How do element assignments work with numpy arrays using an array for indexing?

Question

I'm very puzzled by the following behaviour of NumPy when assigning elements to an array using an array as indices. Here is a minimal working example:

import numpy as np

i = np.arange(2,4)
a = np.arange(5)
a[:][i] = 0  # this modifies the a array
print(a)

b = np.arange(5)
b[i][:] = 0  # this does NOT modify the b array
print(b)

Why is the a array modified and not the b array? I suspect we are modifying a copy of the b array, but I'm not sure how to show this explicitly. For example, id(a) and id(a[:]) yield different results, yet a is modified.

Answer 1

a[:] is a view of a, while a and a[:] are different python objects, they share the same underlying memory for the numpy data:

a2 = a[:]

a2.base is a  # True

id(a2), id(a2.base), id(a) # (127331129255728, 127331129258032, 127331129258032)
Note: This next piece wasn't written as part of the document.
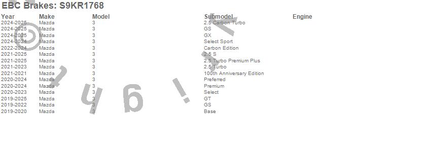 Below is an abbreviated list of applications for the S9 Kits Yellowstuff and USR Rotors.
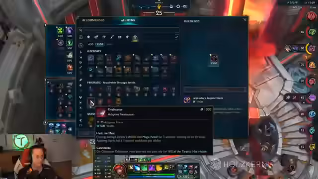 00:16:57Das Gameplay in der Series-Arena dominiert den Stream. Der Streamer analysiert seine Builds, diskutiert Items wie Infinity Edge und Galeforce und beschäftigt sich mit den Stärken und Schwächen der ausgewählten Champions wie Zyra und Jinx. Es kommt zu intensiven Kämpfen und strategischen Entscheidungen, die manchmal zu einem frühen Ausscheiden in der Runde führen. Die Kommentare des Chats werden oft in die Analyse einbezogen.

However, b[i] is a new array, independent from b. b and b[:] each use a different space in memory to store the numpy data:

b2 = b[i]

b2.base # None

There is no good reason why you would need to chain [:][i] or [i][:] in numpy. Just remove the useless [:]:

b[i] = 0

When is a view created?

As explained in the documentation:

Views are created when elements can be addressed with offsets and strides in the original array. Hence, basic indexing always creates views. [...] Advanced indexing, on the other hand, always creates copies.

a[:]       # view (basic indexing)
a[1:3]     # view (basic indexing)
a[1:3][:]  # view (basic indexing)

a[[2, 3]]  # copy (advanced indexing)